Myfanwy, 23, grew up in the gold-rush town of Nevada City, California. While many of her friends found themselves pulled to the snow sports of the nearby Sierras, Myfanwy was drawn to the Pacific Ocean. As a young child she was fascinated by whales and dolphins, so when she was fourteen she jumped on the opportunity to attend a marine biology camp on the island of Roatan, Honduras. She earned her open water diving certification that summer and her advanced open water the next. She returned to the program in Roatan four times, eventually receiving her NAUI Divemaster certification in 2005. Her Roatan experience started her on the path she has travelled since. Now, nine years and 400 dives later, she has added scientific diving to her underwater experience and has acted as a Divemaster in three different countries.
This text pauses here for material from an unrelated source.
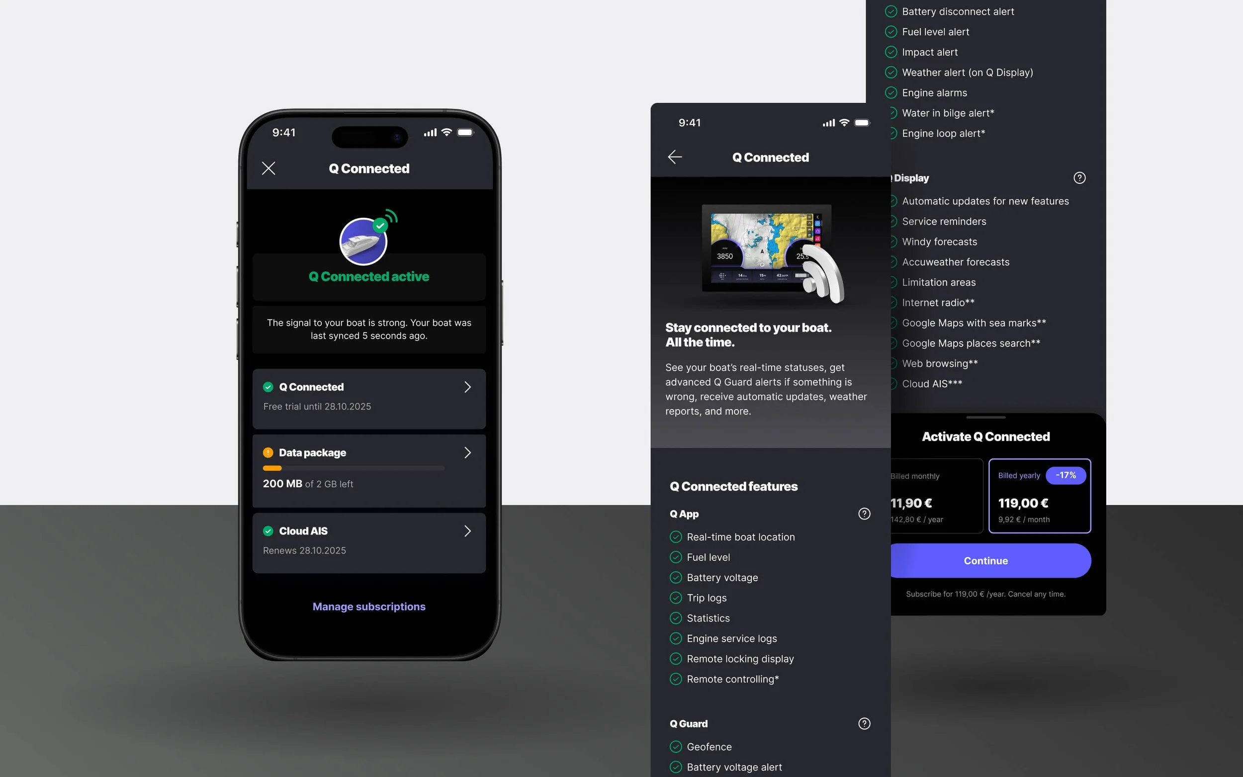 The new design brings a clearer look and feel, more intuitive navigation, better visibility of your boat's Q Connected status and subscription, and improved Q Guard alerts.

Myfanwy finds the role of Divemaster immensely rewarding, particularly when she has the privilege of working with young divers and students.

Myfanwy RowlandsMyfanwy attended Loyola Marymount University in Los Angeles for two years before transferring to the University of California at Berkeley, where she is currently completing dual degrees in Marine Science and Conservation and Resource Studies. She is interested in finding common ground between the disciplines of biology, marine conservation, and political ecology. While in her third year of college, she studied abroad in French Polynesia and completed an individual research project examining assemblages of foraminifera in fouling communities. This past fall, she traveled to Papua New Guinea where she conducted coral reef conservation and management research with the Wildlife Conservation Society.
Myfanwy’s main enthusiasm outside of marine biology has been photography. She is very much enjoying teaching a Conservation Photography course at UC Berkeley this semester. She hopes to use her photography to bear witness to the marine conservation issues and ocean crises she encounters during her scholarship travels.

Although Myfanwy found her focus on the marine sciences early and has followed that path unwaveringly, she believes strongly that life is about achieving a balance of passions, and is constantly trying to find ways to juggle her many interests: music and songwriting, theatrical lighting and sound, volunteering, teaching, almost every kind of exercise, and yes, knot-tying. “As the essential shared natural resource, the ocean should be the gathering point for all countries and cultures. The Rolex Scholarship will help me discover what it is to play an active, significant role in marine conservation, by placing me side-by-side as an eager apprentice with those who are already making a difference.”